Как и положено по законам жанра, сначала таинственному явлению предшествовали слухи, появившиеся в марте 1858 года. Наиболее рационалистически мыслящие полагали, что это обычное мошенничество, что, скорее всего, женщина не родилась такой, а «ухитрилась удачно натянуть на голову безобразную обезьянью шкуру» (ибо о ней заговорили, когда ей было уже 23 года, перед приездом в Россию)[841]. Другие видели в ее появлении какой-то особый смысл, включая ее визит в контекст отношений император — народ. Абсурдность ситуации подтверждалась существованием абсолютно противоположных по смыслу слухов-суждений. Говорили, что «ее сюда вытребовал сам император и даст 300 тыс. руб. приданого [тому] кто на ней женится» и, наоборот, что «император запретил приезжать, чтобы чудовищный вид сей обезьяны не произвел здесь в беременных женщинах испуга […] и тем предохранить многие семейства от распространения в оных обезьянного рода»[842]. Обозреватель «Отечественных записок» свидетельствовал: «Ни одна артистическая знаменитость не пользовалась в Петербурге такой популярностью, как мисс Пастрана, еще до приезда которой во всех магазинах, на улицах и перекрестках продавались более или менее дешево ее портреты. Благодаря этому обстоятельству, каждый мужик в Петербурге знает, кто такое мисс Юлия Пастрана и чем она замечательна»[843]. Следом, видимо в ожидании разоблачения, раскрытия обмана, исчезновения «героини» заговорили о ее смерти в Москве при родах.

«Наконец, приезд Юлии Пастраны (которую здесь уже начали считать каким-то мифом или просто заграничным обманом) рассеял все сомнения петербургской публики насчет действительного ее существования, — писал чиновник Третьего отделения. — 2 мая было первым радостным днем ее появления взорам любопытной нашей публики, замечают, однако ж, что борода Пастраны жестко колется, ибо она немилосердно дерет по 3 и по 2 руб. сер. за вход.
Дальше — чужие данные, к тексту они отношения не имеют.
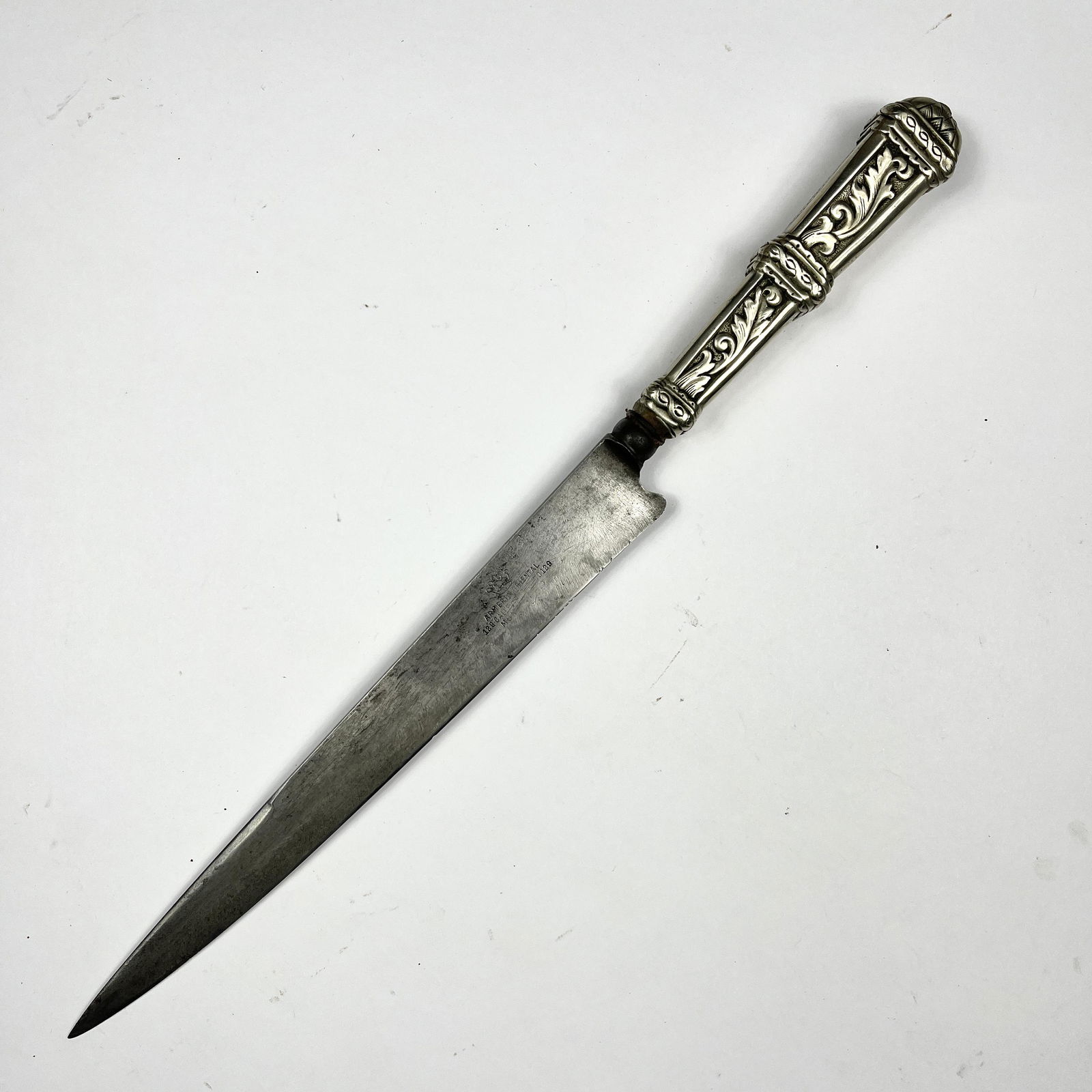 Good Antique Asian Indonesian PEDANG Sword Dagger with Dramatic Damascus Steel Blade Carved withMar 14, 2026Luristan Bronze DaggerMar 05, 2026Gorham Hizen Sterling Silver Game Knife with Stag Design 8 1/4"368 Lots AwayInteresting Vintage American BOWIE KNIFE Self Defender MOP GripMar 28, 2026Antler Handle Switchblade Knife marked Rostfrei 5" Blade 11" Total length. Beautiful Knife in great3 days LeftGorham Mythologique Sterling Silver Hollow Handle Steak Knife 9 3/4"4 days LeftSeldom Encountered American Civil War Era BOOT BOWIE KNIFE by Rodgers SheffieldMar 28, 2026African Kuba DRC Aluminum Short Sword “Ikul".4 days LeftM. HUNTER & SON BOWIE-STYLE KNIFE England, 19th Century Length 11".Mar 05, 2026A fine copper sword with gold and silverMar 14, 2026Damascus Steel Dagger and Leather ScabbardApr 14, 2026Lavishly Ornate Late 19th C. Argentine FACON CRIOLLO Knife Engraved Silver & ScabbardMar 28, 2026Massive 19th C. Afghan KHYBER KNIFE Polished Hardwood HiltMar 28, 2026Museum grade 19th C.Silver Indian Sossun Pata sword made for a boyMar 28, 2026AN ITALIAN THRUSTING-SWORD FOR USE AGAINST PLATE-ARMOR Last quarter 15th century.Mar 14, 202628" Damascus Blade 2 Handed Short Sword1 day Left
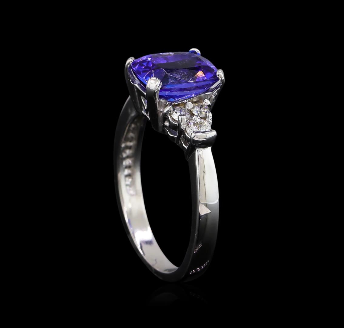 One ring featuring: 14KT white gold weighing 3.27 grams containing one tanzanite with a total weight of 2.72ct and side diamonds with a total weight of 0.28ct.
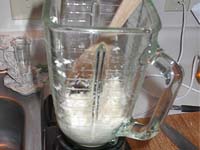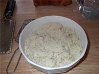 5. Place a little in a blender with a little of water to assist in the blending process. Blend at a fairly low speed until the horseradish is chopped fairly fine. Place in a bowl and continue until all of the horseradish is chopped up. If you don't have a blender, you could use a small grater. Just be sure you keep a window open and keep your face away from the bowl.
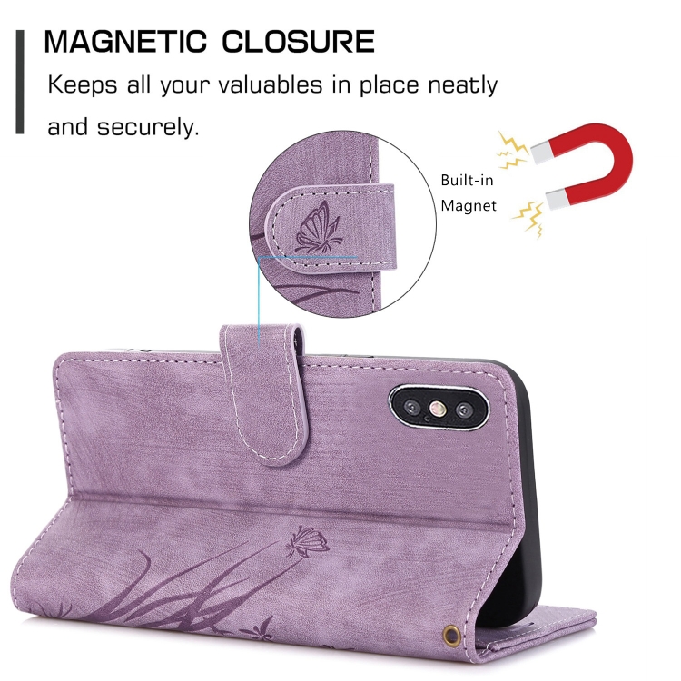 Funda para Teléfono iPhone Xs Max Cuero con Relieve Mariposa Orquídea (Púrpura)
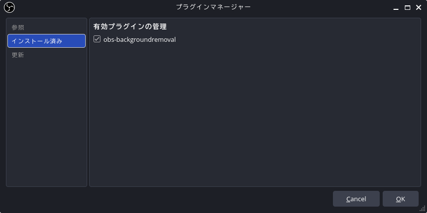 インストール後 OBS Studio を起動し直し [ツール] → [プラグインマネージャー] を開いて obs-backgroundremoval がインストール済みで有効になっていることを確認する。
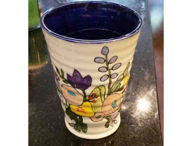 Nicki Reno-Welt fell in love with ceramics in high school and has found various ways to keep her hands in the dirt despite having a “real” day job as a physician assistant in women’s health. In her studio, MudBar, she works mainly with high-fire porcelain clay and throws her pieces on the wheel. After the first firing, she adds the drawings and paintings to the piece using mishima and sgraffito (two fancy words for techniques that are basically different types of carving and glazing.) All of her pieces are dishwasher safe, microwave safe and oven safe (up to 500 degrees) – basically, they are much stronger than most dishes you buy in the store and they are meant to be used!
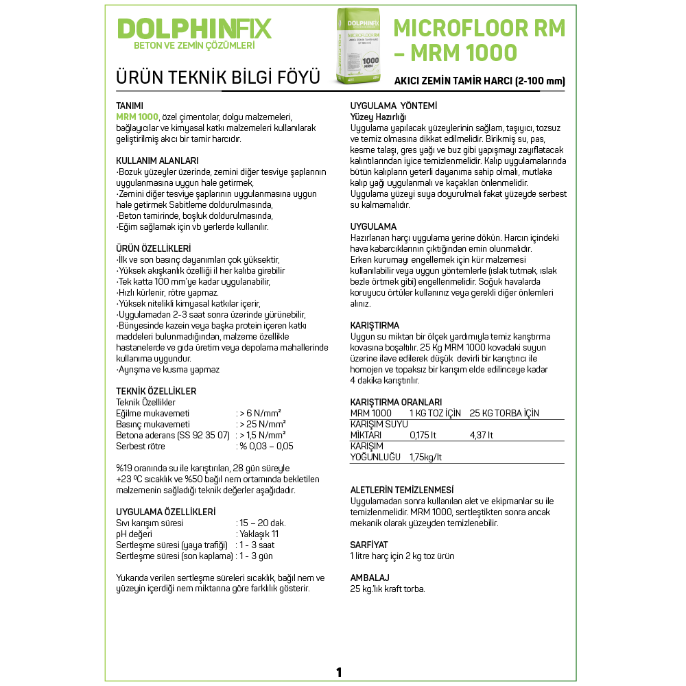 MICROFLOOR RM 1000 MRM – ZEMİN TAMİR HARCI 2-100 MM
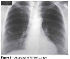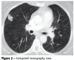 A 57-year-old Caucasian female (born in the city of Juiz de Fora, in the state of Minas Gerais, married, and a retired teacher) was referred to the SPCT-HMS-JF because the X-ray (Figure 1) prior to cholecystectomy revealed a nodule (of unknown stability and with irregular borders) in the right pleural cavity. The patient, who was totally asymptomatic, was a smoker (20 pack-years) and had a family history of cutaneous amyloidosis.

Впрочем, в России (говорят) денежки легки и круглы, оне катаются во все стороны! Не то что немецкий талер […]»[844]. Следом он продолжал развенчивать мифы: «К удивлению оказывается, что Пастрана не просто, как полагали, бессловесное чудовище, — но говорит по-английски и по-испански, а также понимает и по-французски; находят ее даже любезною и слишком образованною в отношении ее отвратительной наружности! Впрочем, голос и произношение вялы, слабы и неопределенны, а романсы, которые поет с аккомпанементом какого-то несчастного пиано, как заметно не производят в зрителях особенного удовольствия, а пальпирует она для сложения своего довольно грациозно, ножка же чрезвычайно мала и весьма красива»[845].

С «полицейским» взглядом заочно полемизировали в деталях толстые журналы. И. Панаев в своих заметках с присущим фельетонному жанру ехидством представлял девицу, доставленную в Петербург «вместе с последним привозом устриц»: «Танцующая, поющая, говорящая на нескольких европейских языках, занимающаяся рукоделием, словом девица, отличающаяся блестящим образованием, и притом, как известно, чудовищною наружностью»[846]. «Отечественные записки» признавали: «Для удовольствия посетителей, несчастная мисс, отличающаяся, по словам афиш, веселым характером, поет и танцует, что должно сказать правду, вместе с ее наружностью, с ее не первою молодостью, возбуждает тяжелое грустное чувство»[847].

Ажиотаж первых недель скоро поубавился. «Гордая женщина-обезьяна, сначала ошеломившая взиманием 3 руб. сер. за вход в свою конуру, теперь смиренно дозволяет смотреть на себя за полтинник», — напоминал хроникер «Библиотеки для чтения»[848].

Следствием популярности должно было стать тиражирование необычного образа. Чиновник Третьего отделения предсказывал: «Ожидают, что в скором времени, по принятому вообще в модном дамском свете обычаю, вероятно, появится здесь много предметов дамского туалета a la Pastrana! Не будут же (говорят) наши миленькие дамочки отращивать усики и бородку? Для брюнеток, и без того уже одаренных природою изобильною растительностью волос, это было бы весьма нетрудно […]»[849].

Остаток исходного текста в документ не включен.